Manche Patienten verspüren auch das Bedürfnis, die Beine kalt
oder warm zu duschen, um sich Erleichterung zu verschaffen. Andere reiben,
massieren, bürsten, erwärmen die Beine oder laufen im Schnee.
Diese so genannten Hausmittel der Betroffenen kommen meist
nachts zur Anwendung, um das extrem unangenehme Gefühl in den Beinen
zu lindern oder zum Verschwinden zu bringen. Manche Patienten bemerken
auch, dass nach einiger Zeit kleine Muskelzuckungen an den Beinen auftreten,
die zu kurzen Beinbewegungen führen können und von den Patienten
nicht zu steuern, d.h. unwillkürlich sind. Diese Muskelzuckungen
oder Krämpfe können ebenso durch Umhergehen wieder verschwinden.
Die unangenehmen Beschwerden können zu Einschlaf- und Durchschlafstörungen
führen, weil die Beschwerden an den Beinen meist im Liegen auftreten
und die Patienten bis zu Stunden am Einschlafen hindern. Manche Patienten
schlafen nur bei kühler Temperatur, z.B. ohne Bettdecke, andere wiederum
können nur bei Wärme einschlafen, z.B. mit Wollsocken. Es gibt
auch Betroffene, die ganze Nächte umherwandern, um sich Erleichterung
zu verschaffen.
Inzwischen ist bekannt, dass die Beschwerden des RLS der biologischen
Uhr, dem so genannten Zeitgeber oder zirkadianen Rhythmus folgen. Die
Beschwerden nehmen üblicherweise ab dem späten Nachmittag zu
und erreichen ein Maximum zwischen Mitternacht und 2 Uhr morgens. Gegen
Morgen ist im Allgemeinen ein besserer Schlaf möglich, deswegen sollten
RLS-Patienten z.B. am Wochenende möglichst länger in den Vormittag
hinein schlafen. Erst mit zunehmender Schwere der Erkrankung wird dieser
Rhythmus wohl weniger ausgeprägt und die Beschwerden treten während
des ganzen Tages jeweils in Ruhe auf. Müdigkeit scheint den Schlaf
nicht zu verbessern, sodass starke körperliche Anstrengung die Beschwerden
in der folgenden Nacht eher noch verschlechtern kann.

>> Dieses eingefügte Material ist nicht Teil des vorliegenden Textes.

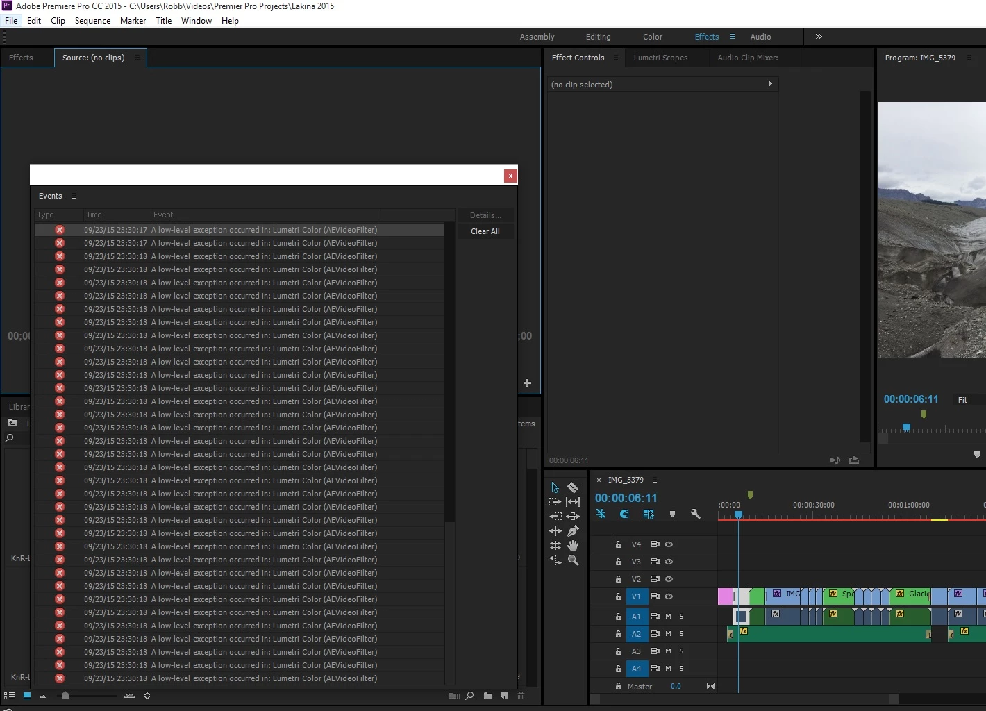 A low-level exception occurred in: Lumetri Color (AEVideoFilter)

Womit kann das RLS verwechselt werden?
Ein ständiges Taubheitsgefühl, Missempfindungen oder Schmerzen
in den Beinen, die durch Bewegung nicht zu beeinflussen sind, gehören
nicht zu den typischen Symptomen des RLS. Sie sind sehr häufig ein
Zeichen für eine so genannte Polyneuropathie - eine Erkrankung der
kleinen Beinnerven -, die eine der wichtigsten Differentialdiagnosen darstellt.

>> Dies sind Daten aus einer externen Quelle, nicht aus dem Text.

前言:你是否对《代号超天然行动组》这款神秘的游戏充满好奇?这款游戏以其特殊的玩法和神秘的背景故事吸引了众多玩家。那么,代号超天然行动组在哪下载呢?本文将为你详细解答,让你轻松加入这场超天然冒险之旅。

Andere neurologische Erkrankungen, z.B. Bandscheibenschäden, die
ein so genanntes Wurzelreizsyndrom verursachen, können ebenso wie
Verengungen des Wirbelkanals Empfindungsstörungen hervorrufen, die
denen des RLS ähneln. Aus diesem Grunde werden die Restless Legs
Beschwerden oft als Ausdruck einer Wirbelsäulenveränderung fehl
gedeutet und nicht als RLS diagnostiziert.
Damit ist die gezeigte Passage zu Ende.